Hay en el mundo muchas historias dramáticas. La mayor parte de ellas son anónimas o íntimas y no llegan a los medios de comunicación. Entre las que toman estado púbico, solo algunas concitan verdadero interés. Y de vez en cuando, nadie sabe exactamente por qué, una de ellas es vivida como si fuera de todos.
Eso fue lo que pasó con la historia de los doce chicos tailandeses, integrantes de un equipo de fútbol, que quedaron atrapados durante casi dos semanas en el interior de una cueva junto a su entrenador en la zona montañosa de su país. Rescatar con vida a esos chicos de entre 11 y 16 años fue una causa que, de una forma u otra, abrazó el mundo entero.
Se sabía que estaban allí, en las profundidades de esa boca oscura, pues las bicicletas con las que se trasladaban hasta la cancha donde debían jugar un partido fueron halladas en la entrada de la cueva.
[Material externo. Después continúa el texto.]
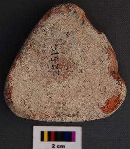 | Description / विवरण | It is a triangular terracotta cake with thick section and blunt corners. Its one of the arms is partially broken. |
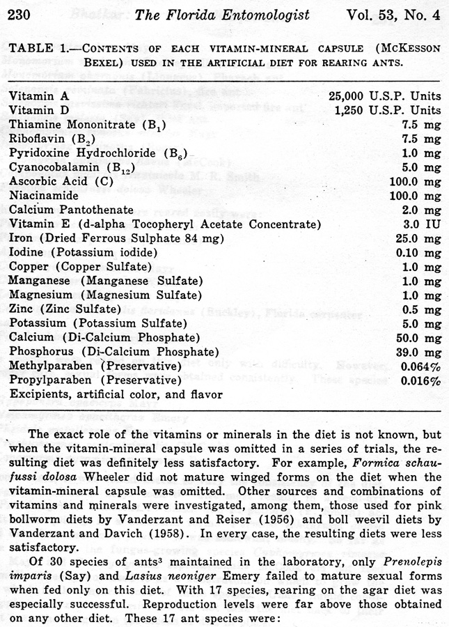So wird z.B. angesprochen, dass die bekannte und viel verwendete Bhatkat-diet völlig nutzlos sei. Immerhin dazu gibt es eine vergleichende Untersuchung nach wiss. Maßstäben: Buschinger, A., Pfeifer, E.(1988): Effects of nutrition on brood production and slavery in ants (Hymenoptera, Formicidae). Ins. Soc. 35, 61-69., hier referiert.

Se sabía que entre ellos y el exterior, entre la vida y la muerte, se interponía el agua con que las lluvias incesantes habían anegado la caverna. Se sabía que una vez dentro, impedidos de volver sobre sus pasos, el agua, que se filtraba por las rocas, los había obligado a escapar hacia el corazón de la montaña, hasta una pequeña elevación rodeada por la crecida. Lo que no se sabía era cómo sacarlos con vida antes de que se acabaran las pocas provisiones que tenían.
Adentro, el silencio y las tinieblas. Afuera, la carrera contra el reloj. El operativo de rescate debía superar desafíos inéditos. Participaron en él casi cien buzos tailandeses e internacionales (uno de ellos perdió la vida en la faena), un experto holandés en sistemas de drenaje, cientos de bombas de extracción de agua y millones de personas que desde distintas partes del globo seguían las alternativas del plan con la respiración entrecortada, aferrados a una esperanza improbable.
Primero, se tendió una cuerda guía de cuatro kilómetros que unía la boca de la cueva con el montículo en el que se habían refugiado los chicos. En buena parte del trayecto era posible hacer pie, pero había galerías completamente anegadas, algunas muy estrechas. Cada chico, munido de máscara respiratoria y tanque de oxígeno, fue sacado por dos buzos. La última de las tres jornadas de rescate se cumplió con éxito, y el 10 de julio el mundo celebró: los 12 jugadores de los Jabalíes Salvajes habían dejado la cueva sanos y salvos. Lo mismo su entrenador, el último en salir, que tras la imprudencia de exponer a sus pequeños jugadores a semejante riesgo resultó fundamental para sostener el espíritu del grupo durante los días de aislamiento: además de darle a los chicos su ración de comida y agua, les enseñó a meditar y a conservar la mayor cantidad de energía posible.
Cuatro meses después del operativo rescate los jóvenes futbolistas visitaron la Argentina como invitados especiales de los Juegos Olímpicos. "No queremos ser famosos, queremos jugar al fútbol", decían.
A falta de una palabra mejor, la historia fue calificada de milagro. Acaso lo mismo faltó en el desenlace de otra de las historias que más nos conmovieron este año: la de los 44 marineros que quedaron atrapados en las profundidades del mar.